Wright was born in Columbia, South Carolina. He earned a Bachelor of Arts in English from the University of South Carolina in 1974 and a Master of Divinity from the Southern Baptist Theological Seminary in 1979.

He received honorary doctorates from SEFOVAN Seminary, Madrid, Spain - June 2007 and University of South Carolina - May 2011.

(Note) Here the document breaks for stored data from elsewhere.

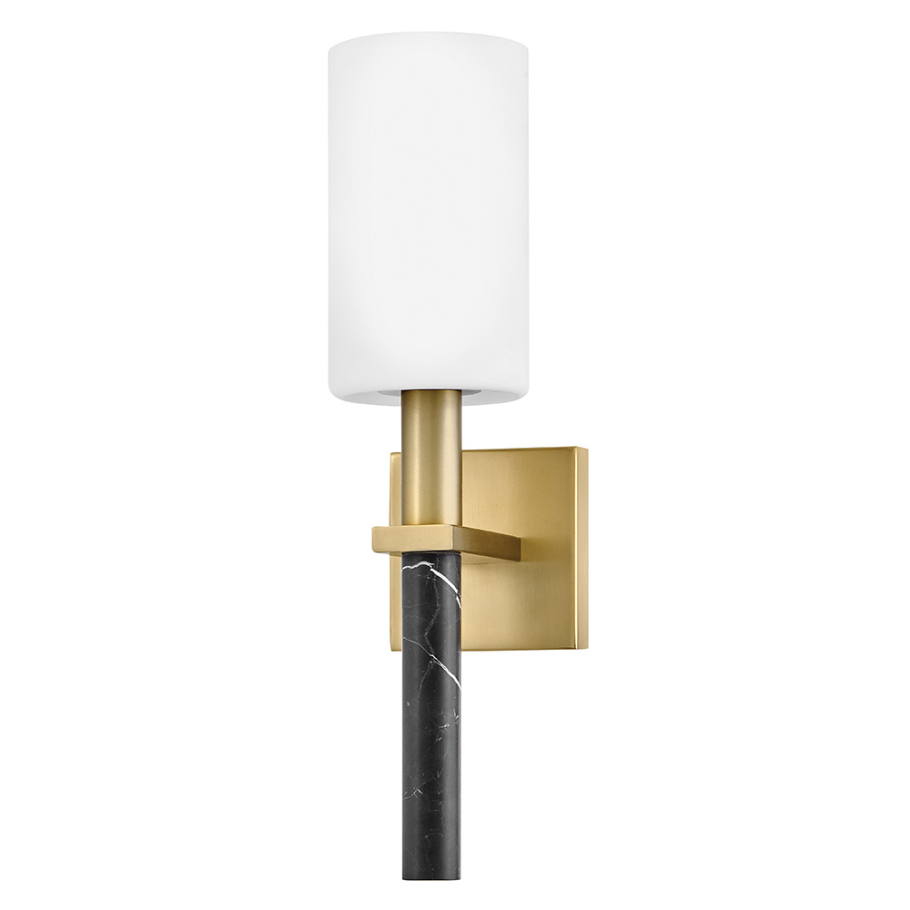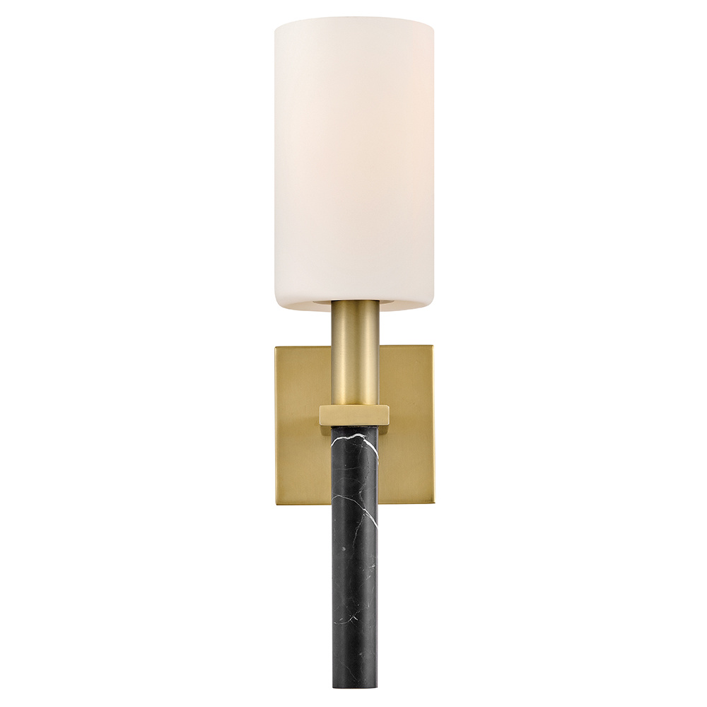 Polished with an understated silhouette, Turin is elevated by tall Etched Opal Glass and luxurious black marble stems. A minimalist backplate finished in vibrant Lacquered Brass complements the natural stone with an elegant touch of warm color.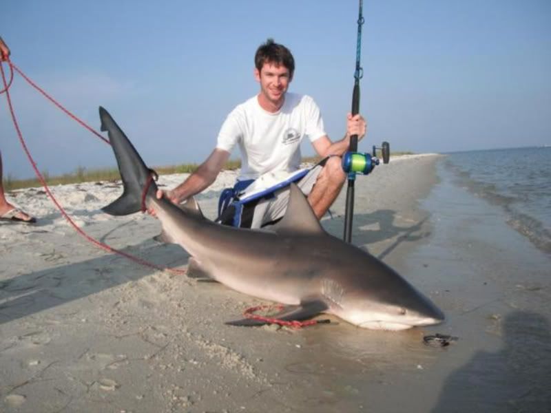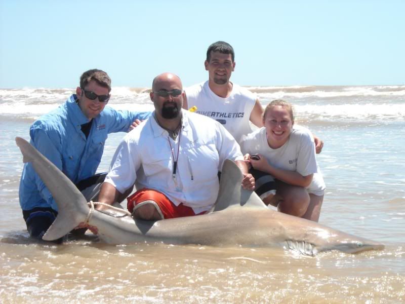 That sandbar measured 6'8" but was by far the heaviest one we got last year. And yes, than small pic is the hammer. It was my luck that we used a friends camera and the picture did not come out right. If you look close you can see how long the tail is, and his head is still under the water in that pic.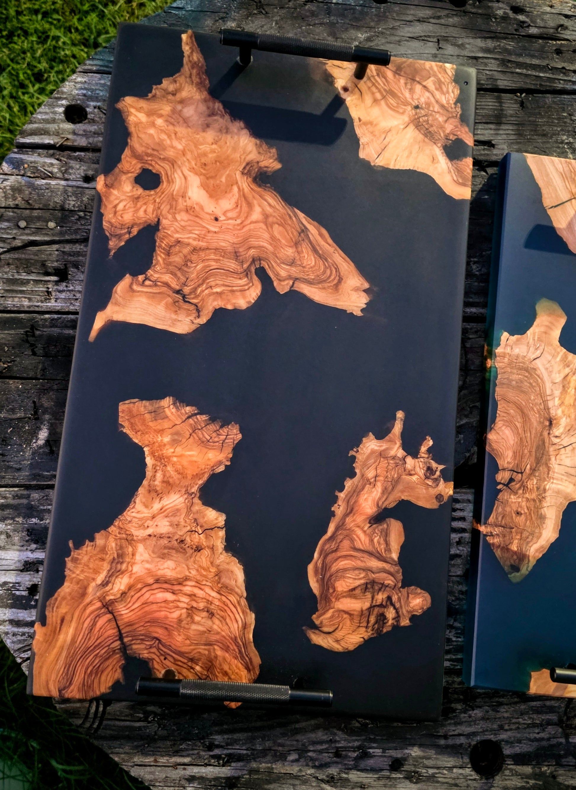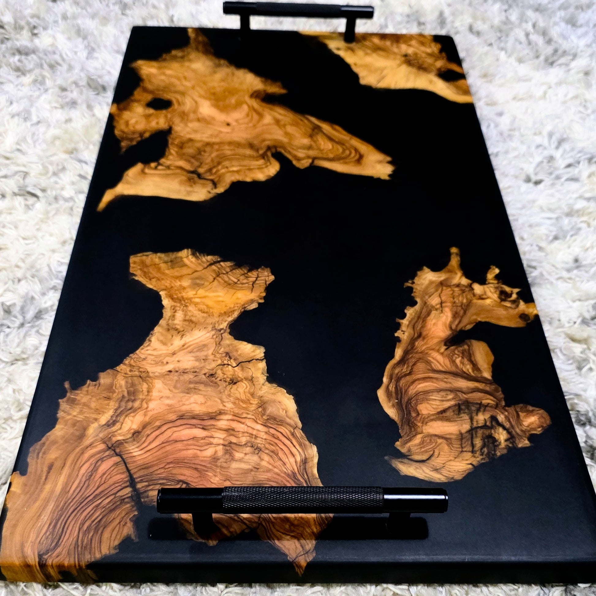 Black Olivewood Serving Tray, Resin wood Charcuterie Board, Rolling Tray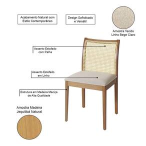 AS IMAGENS SÃO MERAMENTE ILUSTRATIVAS E PODEM SOFRER VARIAÇÕES DE COR E PEQUENOS DETALHES DE ACORDO COM O SEU MONITOR, ILUMINAÇÃO DO AMBIENTE E ATÉ MESMO A SUA PERCEPÇÃO VISUAL.Jogo 8 Cadeiras de Jantar Juliana Jequitibà Natural em Madeira MaciÃa Encosto Palha Linho Bege

In 1981, he became Senior Pastor of Johnson Ferry Baptist Church in northwest metro Atlanta, with more than 8,000 members as of 2012. As of January 2012, Johnson Ferry Baptist Church had an average worship attendance of over 4,600. In 1992, he founded Right From The Heart Ministries, a radio, television and internet ministry that airs 30 to 60 second inspirational spots on secular radio and television.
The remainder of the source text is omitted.